After setting countless milestones for attendance, sales, and cultural impact, it has now become the first concert tour ever to gross over $1 billion, with total receipts of $1.04 billion, according to music industry publication Pollstar.
The landmark tour has had around 60 stops, with more planned, making it the leading tour in gross sales both globally and in North America. Swift sold more than 4.3 million tickets at an average price of $240, meaning each stop on the tour accounted for $17.3 million in sales.
Swift’s record revenue was forecasted as far back as August after she had wrapped up the North American leg of her tour before going to Latin America. Even then the economic impact of her performances was so notable that she was cited in a July Federal Reserve’s Beige Book, a monthly analysis of economic conditions. It attributed a boost in Philadelphia’s tourism industry to her three-night tour stop in May at the city’s Lincoln Financial Stadium and said it was the best month for Philadelphia hotels since the pandemic.
During the tour, Swift generated an additional $200 million in merchandise sales, according to Pollstar. Merchandise sales are so strong that last month, Swift’s website reportedly crashed when she released her holiday themed merchandise.

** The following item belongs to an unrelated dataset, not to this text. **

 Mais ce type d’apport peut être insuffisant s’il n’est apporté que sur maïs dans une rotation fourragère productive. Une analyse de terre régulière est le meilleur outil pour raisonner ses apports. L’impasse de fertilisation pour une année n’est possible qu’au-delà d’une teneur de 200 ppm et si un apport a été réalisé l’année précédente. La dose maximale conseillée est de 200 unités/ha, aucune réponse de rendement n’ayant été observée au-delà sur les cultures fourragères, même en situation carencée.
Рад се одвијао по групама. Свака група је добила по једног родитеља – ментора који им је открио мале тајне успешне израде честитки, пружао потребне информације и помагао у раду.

In October, in addition to her live shows, Swift also released Taylor Swift: The Eras Tour, a movie about her tour. The film grossed over $250 million at the box office, making it the highest-grossing concert movie in history. It came at an opportune moment for the entertainment industry, and especially exhibitors, who at the time were still reeling from the dual actor and writers strikes. The movie’s release was lauded not just for its big box office success but also for creating a new business paradigm for the film industry. Swift produced the film herself and then bypassed the major film studios by negotiating a distribution deal directly with AMC Entertainment to distribute the picture. (Movie ticket sales for the Taylor Swift: The Eras Tour also crashed AMC’s app). Theaters that screened the concert film kept 43% of the gross ticket revenue with the remaining 57% going to AMC and Swift. It’s unclear how the two will split the revenues.
Swift’s blockbuster year continued this week when she was named Time’s Person of the Year. The magazine credited her financial might as setting her apart from other artists, as she became the first entertainer to win the award, usually reserved for heads of state and business titans. “While her popularity has grown across the decades, this is the year that Swift, 33, achieved a kind of nuclear fusion: shooting art and commerce together to release an energy of historic force,” Time wrote.

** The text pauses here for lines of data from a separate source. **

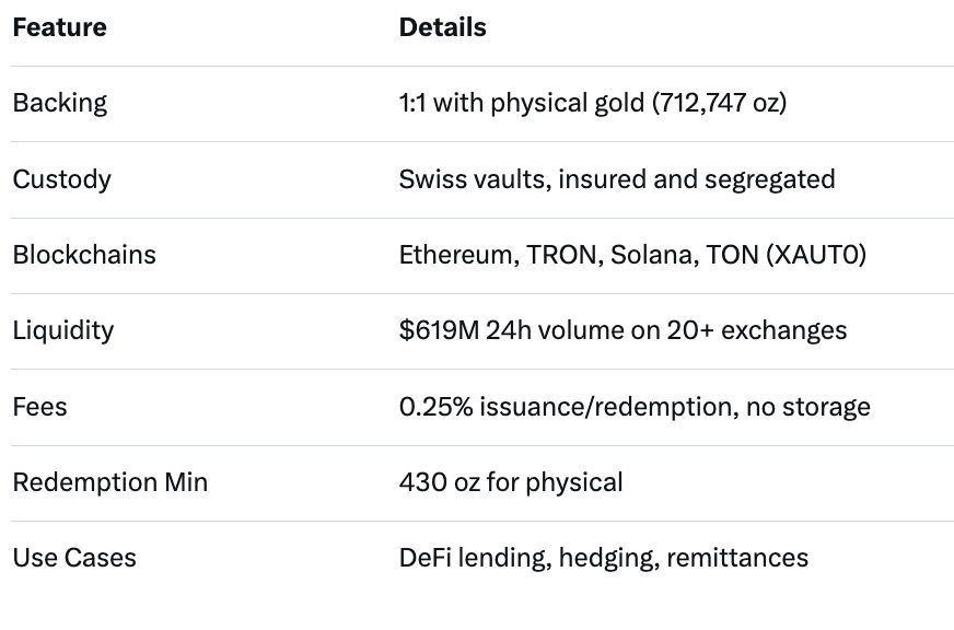 How secure is XAUT's gold backing? Backed by 712,747 ounces in Swiss vaults with quarterly audits, but relies on Tether's management.
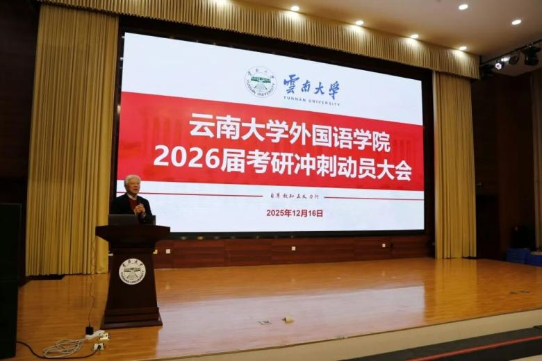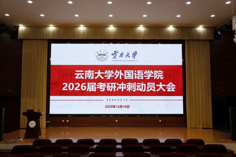 2025年12月16日,云南大学外国语学院举行2022级考研冲刺动员会,旨在为即将参加全国硕士研究生招生考试的大四学子提振信心、传授经验、传递温暖。学院党委书记唐国锋老师、学院院长刘树森老师、学院党委副书记何淼淼老师,2022级专职辅导员龙莹老师及全体考研同学参加本次活动。
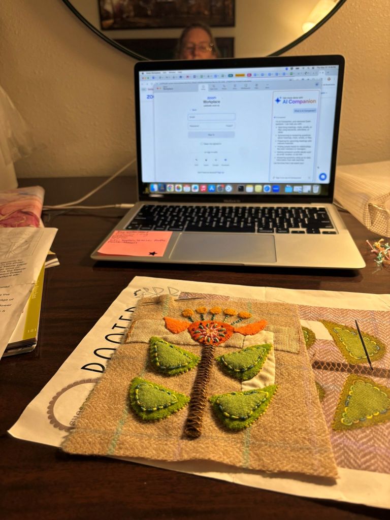Last night, I spent 2+ hours at a school board meeting…this is the third they’ve held on the same issue, and they tabled it again. I get why, but jesus. I stitched through most of it.
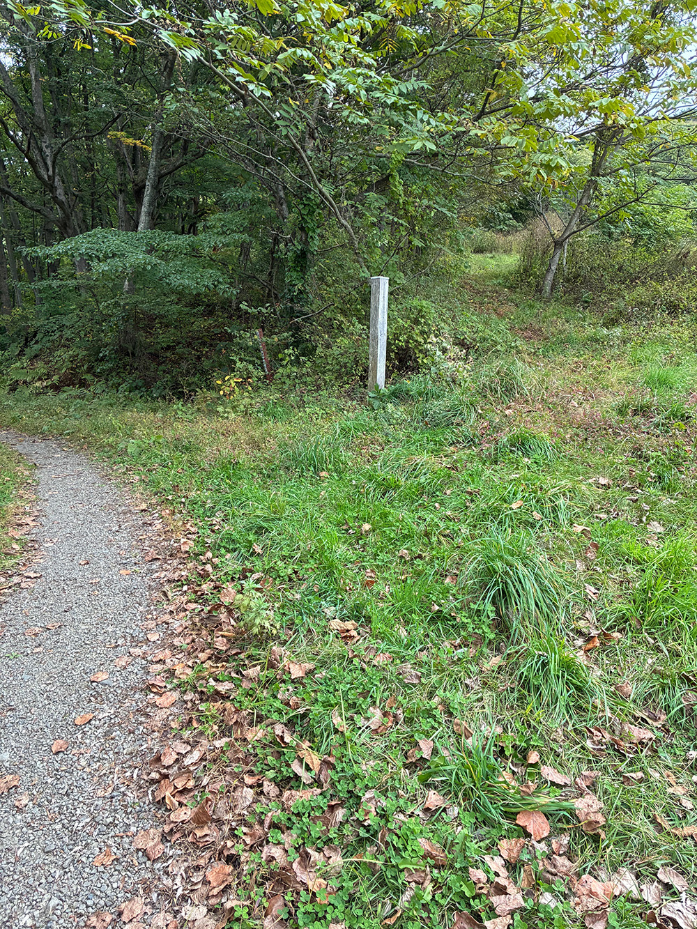飛脚の殉職した地には石碑と立て看板があり、さらに5分ほどで七時雨山登山道入口が右手に分かれます。
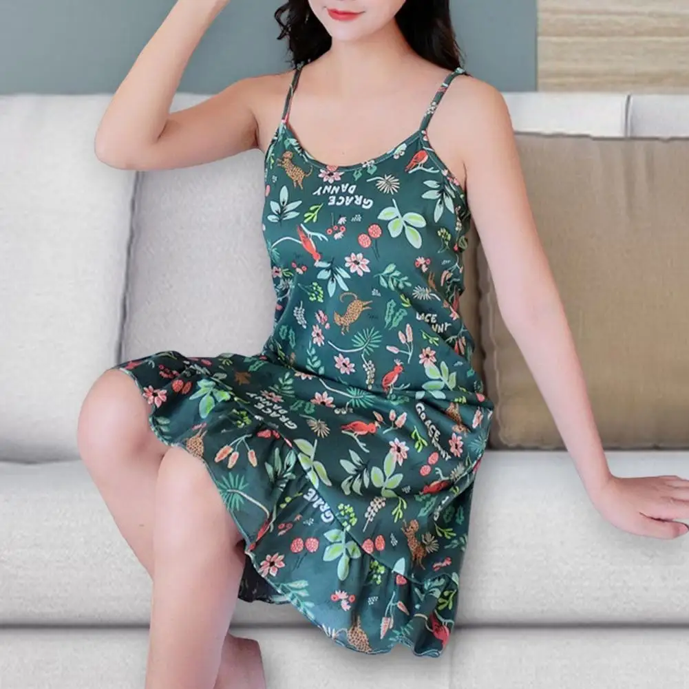 Name | Pajama Dress Korean Style Sleeveless Ruffle Hem Backless Loose Fit Girl Nightdress Sweet Print Striped Sling Sleepwear Home Wear |

Over the past year, her personal life also became news fodder when she began dating NFL player Travis Kelce. Even the two-time Super Bowl winner was in awe of the billion-dollar Swift. “Obviously I’ve never dated anyone with that kind of aura about them…. I’ve never dealt with it,” he told the Wall Street Journal.
The Eras Tour is scheduled to continue into 2024, with additional stops in Asia and Europe. Pollstar predicts the second year of the tour could bring in another $1 billion.